DjVu viewer for iPad

Figure 2. Screenshot of a newspaper issue viewed in an iPad using the DjVu-based viewer.

The newspaper theme required some major edits in four files:

File Changes
mustudent.xsl Added two XSLT templates: a) to get the filename of the primary bitstream and send it as a variable in a URL for the OpenZoom viewer; and b) to customize local metadata labels for web display. Removed templates such ds-options* and recent-submission.
style.css Modified the DIV ds-body properties in order to provide a cleaner/wider interface for the OpenZoom iframe element. Removed certain elements like the "Show full item record" link.
mustudent.php Wrote a PHP file that takes a date variable to match a folder with jp2 files, when a match is found, the OpenZoom viewer is called and a drop-down menu is created for navigation.
calendar.php Wrote a PHP file to reads a text file with two metadata fields: handle and date; then it creates a twelve-month calendar view for browsing with a decade option as well.

* Removing the DIV ds-options element -which includes links to all the administrative functions- can be confusing, especially if administrators need to make changes using the web-interface. In some cases when we needed to perform an administrative task, we used the JSPUI interface.
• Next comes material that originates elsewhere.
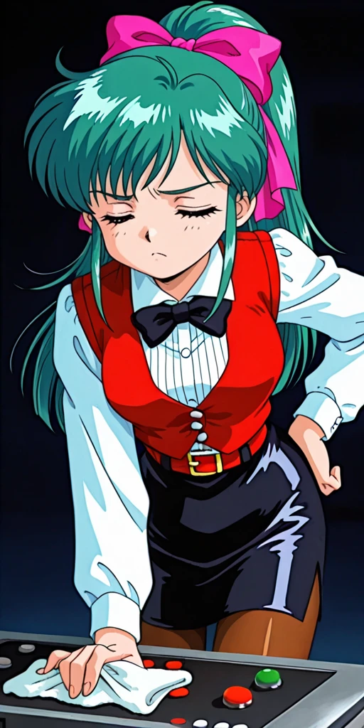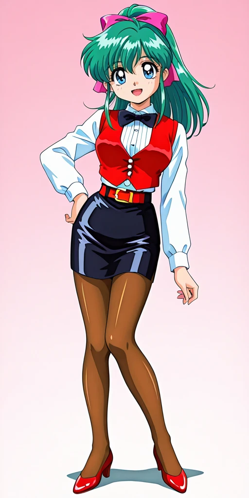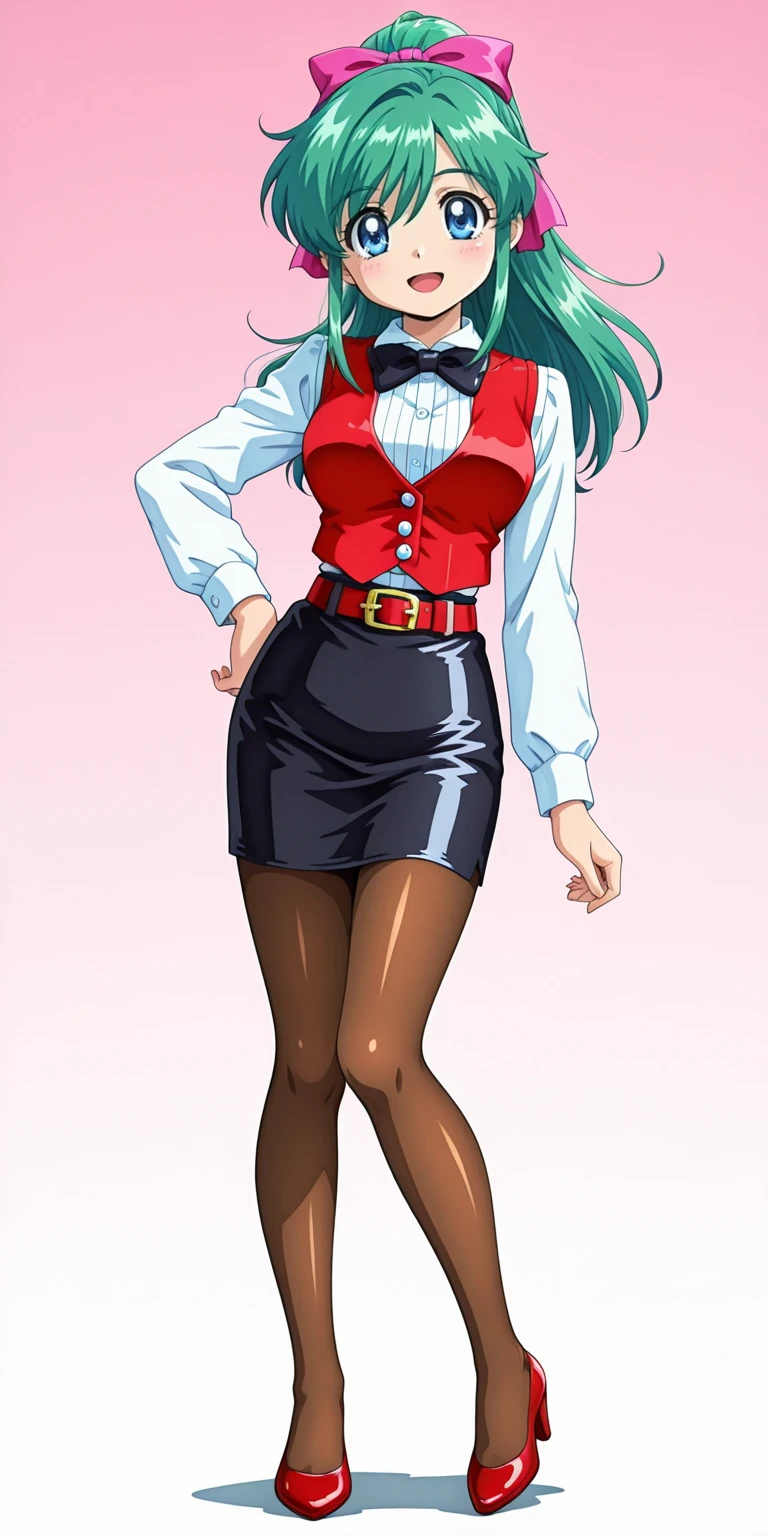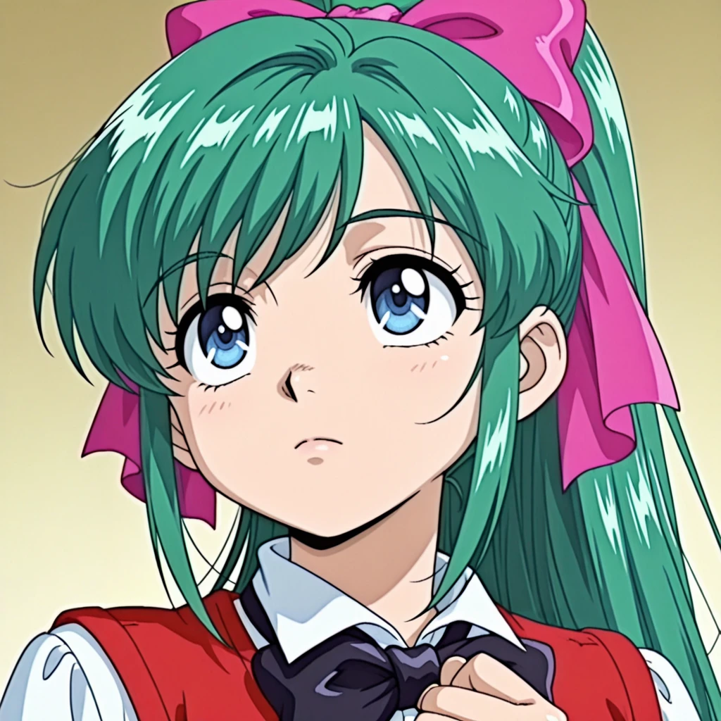 long hair, high ponytail, wide ponytail, sidelocks, swept bangs, hair between eyes, pink hair ribbon, green hair,

The OpenZoom viewer example discussed in this article seem to solve the initial need of previewing large high-resolution files in DSpace, this approach allows users to read and examine minor details in multi-page files without having to download a large file. This is definitely an essential and major step towards making digital repositories more accessible and easy to use. However, another key feature that will make this collection more accessible will be an integrated full-text searching with keywords highlighted. At present, the web interface provides users the ability to search at the collection level, using a hidden field with the OCRed text, but there is no option for searching within individual issues unless a PDF file is downloaded. As users’ expectations and technologies continue to change, it may be valid to question whether a hybrid repository can be a better alternative; for instance, a DSpace system for the back-end supporting digital preservation and another open source system for the front-end where developers can implement enhanced user interfaces. The End Users Solutions currently available for the Fedora Commons Repository Software [3] is a good example of this hybrid approach. After all, users may not care much about how and where the objects are stored, but they definitely care if the content is not available in a user-friendly interface and within a reasonable span of time.

3. Other Viewers in DSpace Repositories

As part of the documentation of current examples of Document Viewers in DSpace, the following four organizations can serve as successful examples that have implemented document viewers in their repositories.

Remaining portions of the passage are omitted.